Your objective -
Everything in the listing should be copied exactly, save for the pictures.
====== Data excerpt ======
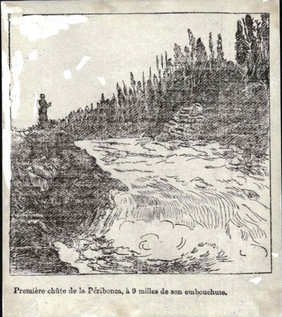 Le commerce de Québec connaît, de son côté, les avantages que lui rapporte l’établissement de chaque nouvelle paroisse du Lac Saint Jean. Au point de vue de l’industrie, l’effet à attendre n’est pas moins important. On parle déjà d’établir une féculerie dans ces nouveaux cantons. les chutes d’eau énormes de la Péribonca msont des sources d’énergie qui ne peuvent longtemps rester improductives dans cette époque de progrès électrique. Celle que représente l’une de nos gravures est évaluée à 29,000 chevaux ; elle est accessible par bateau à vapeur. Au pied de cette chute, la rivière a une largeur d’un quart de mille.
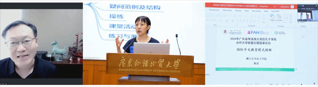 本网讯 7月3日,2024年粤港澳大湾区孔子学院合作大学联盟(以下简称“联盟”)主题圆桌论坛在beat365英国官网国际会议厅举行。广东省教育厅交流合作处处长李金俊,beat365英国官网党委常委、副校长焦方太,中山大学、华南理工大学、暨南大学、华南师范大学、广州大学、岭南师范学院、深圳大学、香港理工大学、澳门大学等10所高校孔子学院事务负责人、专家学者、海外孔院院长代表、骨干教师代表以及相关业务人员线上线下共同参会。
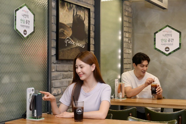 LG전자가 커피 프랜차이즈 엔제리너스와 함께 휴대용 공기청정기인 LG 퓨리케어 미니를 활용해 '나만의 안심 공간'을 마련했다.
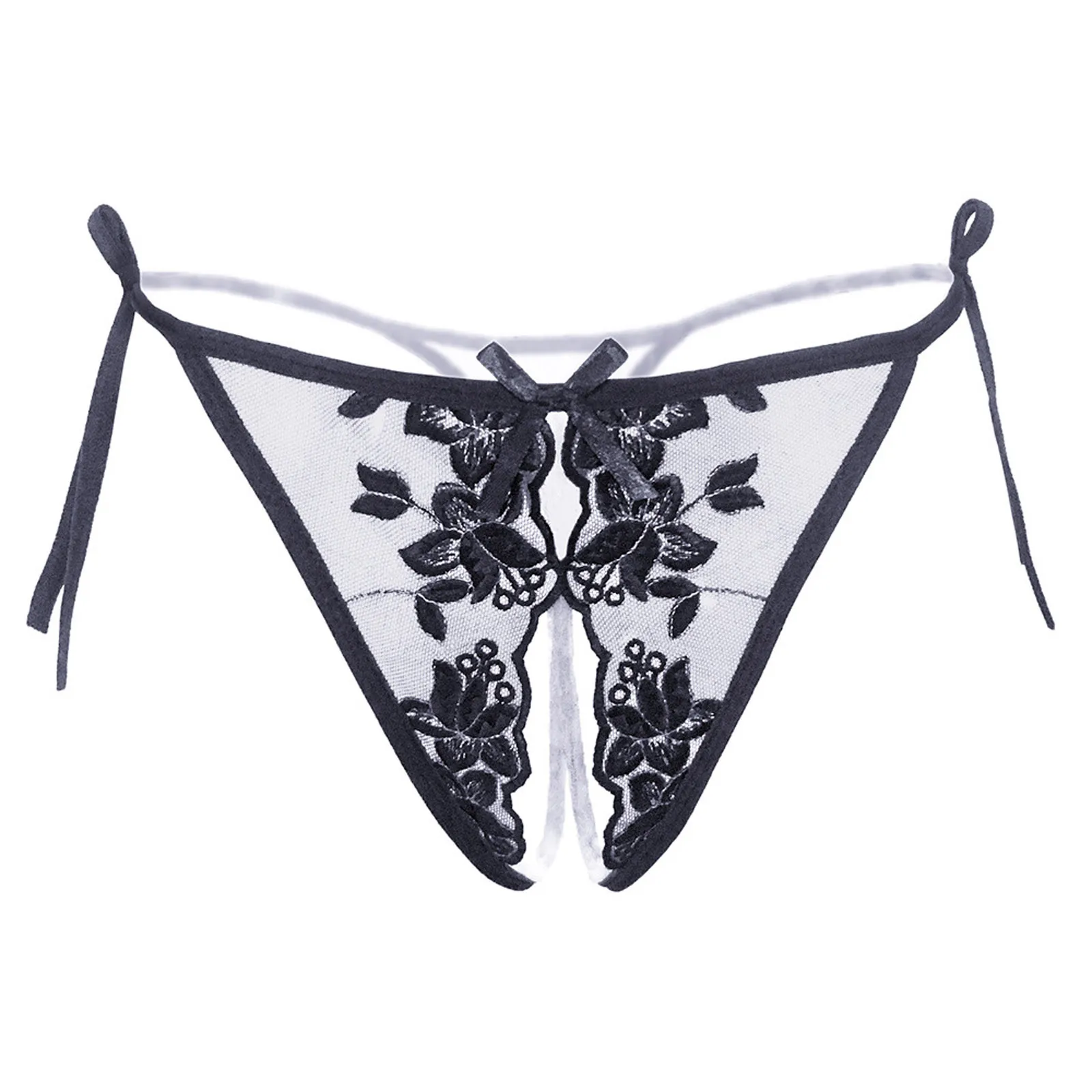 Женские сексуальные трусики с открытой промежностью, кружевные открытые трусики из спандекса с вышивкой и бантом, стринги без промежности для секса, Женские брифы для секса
======
Response -
 Le commerce de Québec connaît, de son côté, les avantages que lui rapporte l’établissement de chaque nouvelle paroisse du Lac Saint Jean. Au point de vue de l’industrie, l’effet à attendre n’est pas moins important. On parle déjà d’établir une féculerie dans ces nouveaux cantons. les chutes d’eau énormes de la Péribonca msont des sources d’énergie qui ne peuvent longtemps rester improductives dans cette époque de progrès électrique. Celle que représente l’une de nos gravures est évaluée à 29,000 chevaux ; elle est accessible par bateau à vapeur. Au pied de cette chute, la rivière a une largeur d’un quart de mille.
 本网讯 7月3日,2024年粤港澳大湾区孔子学院合作大学联盟(以下简称“联盟”)主题圆桌论坛在beat365英国官网国际会议厅举行。广东省教育厅交流合作处处长李金俊,beat365英国官网党委常委、副校长焦方太,中山大学、华南理工大学、暨南大学、华南师范大学、广州大学、岭南师范学院、深圳大学、香港理工大学、澳门大学等10所高校孔子学院事务负责人、专家学者、海外孔院院长代表、骨干教师代表以及相关业务人员线上线下共同参会。
 LG전자가 커피 프랜차이즈 엔제리너스와 함께 휴대용 공기청정기인 LG 퓨리케어 미니를 활용해 '나만의 안심 공간'을 마련했다.
 Женские сексуальные трусики с открытой промежностью, кружевные открытые трусики из спандекса с вышивкой и бантом, стринги без промежности для секса, Женские брифы для секса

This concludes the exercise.